Metadata-Version: 2.1
Name: udkanbun
Version: 3.0.9
Summary: Tokenizer POS-tagger and Dependency-parser for Classical Chinese
Home-page: https://github.com/KoichiYasuoka/UD-Kanbun
Author: Koichi Yasuoka
Author-email: yasuoka@kanji.zinbun.kyoto-u.ac.jp
License: MIT
Project-URL: ud-kanbun, https://corpus.kanji.zinbun.kyoto-u.ac.jp/gitlab/Kanbun/ud-kanbun
Project-URL: Source, https://github.com/KoichiYasuoka/UD-Kanbun
Project-URL: Tracker, https://github.com/KoichiYasuoka/UD-Kanbun/issues
Description: [![Current PyPI packages](https://badge.fury.io/py/udkanbun.svg)](https://pypi.org/project/udkanbun/)
        
        # UD-Kanbun
        
        Tokenizer, POS-Tagger, and Dependency-Parser for Classical Chinese Texts (漢文/文言文), working on [Universal Dependencies](https://universaldependencies.org/format.html).
        
        ## Basic usage
        
        ```py
        >>> import udkanbun
        >>> lzh=udkanbun.load()
        >>> s=lzh("不入虎穴不得虎子")
        >>> print(s)
        # text = 不入虎穴不得虎子
        1	不	不	ADV	v,副詞,否定,無界	Polarity=Neg	2	advmod	_	Gloss=not|SpaceAfter=No
        2	入	入	VERB	v,動詞,行為,移動	_	0	root	_	Gloss=enter|SpaceAfter=No
        3	虎	虎	NOUN	n,名詞,主体,動物	_	4	nmod	_	Gloss=tiger|SpaceAfter=No
        4	穴	穴	NOUN	n,名詞,固定物,地形	Case=Loc	2	obj	_	Gloss=cave|SpaceAfter=No
        5	不	不	ADV	v,副詞,否定,無界	Polarity=Neg	6	advmod	_	Gloss=not|SpaceAfter=No
        6	得	得	VERB	v,動詞,行為,得失	_	2	parataxis	_	Gloss=get|SpaceAfter=No
        7	虎	虎	NOUN	n,名詞,主体,動物	_	8	nmod	_	Gloss=tiger|SpaceAfter=No
        8	子	子	NOUN	n,名詞,人,関係	_	6	obj	_	Gloss=child|SpaceAfter=No
        
        >>> t=s[1]
        >>> print(t.id,t.form,t.lemma,t.upos,t.xpos,t.feats,t.head.id,t.deprel,t.deps,t.misc)
        1 不 不 ADV v,副詞,否定,無界 Polarity=Neg 2 advmod _ Gloss=not|SpaceAfter=No
        
        >>> print(s.kaeriten())
        不㆑入㆓虎穴㆒不㆑得㆓虎子㆒
        
        >>> print(s.to_tree())
        不 <════╗   advmod
        入 ═══╗═╝═╗ root
        虎 <╗ ║   ║ nmod
        穴 ═╝<╝   ║ obj
        不 <════╗ ║ advmod
        得 ═══╗═╝<╝ parataxis
        虎 <╗ ║     nmod
        子 ═╝<╝     obj
        
        >>> f=open("trial.svg","w")
        >>> f.write(s.to_svg())
        >>> f.close()
        ```
        ![trial.svg](https://raw.githubusercontent.com/KoichiYasuoka/UD-Kanbun/master/trial.png)
        `udkanbun.load()` has three options `udkanbun.load(MeCab=True,Danku=False,BERT=None)`.  By default, the UD-Kanbun pipeline uses [MeCab](https://taku910.github.io/mecab/) for tokenizer and POS-tagger, then uses [UDPipe](http://ufal.mff.cuni.cz/udpipe) for dependency-parser.
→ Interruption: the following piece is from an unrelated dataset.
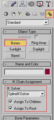 单击命令面板的“创建”选项卡上“系统”部分中的“骨骼”按钮,如下图所示 3c。选择“样条线IKSolver”作为“IK 求解器”并启用“分配给子级”(如果您愿意,可以使用其他 IK 规划求解器,也可以根本不使用任何规划求解)。

With the option `MeCab=False` the pipeline uses UDPipe for all through the processing. With the option `Danku=True` the pipeline tries to segment sentences automatically. If you have already installed [SuPar](https://pypi.org/project/supar/) 1.0.1 or later, you can use BERT model with the option `BERT` shown below:
        * `BERT="guwenbert-base"` utilizes [ethanyt/guwenbert-base](https://huggingface.co/ethanyt/guwenbert-base)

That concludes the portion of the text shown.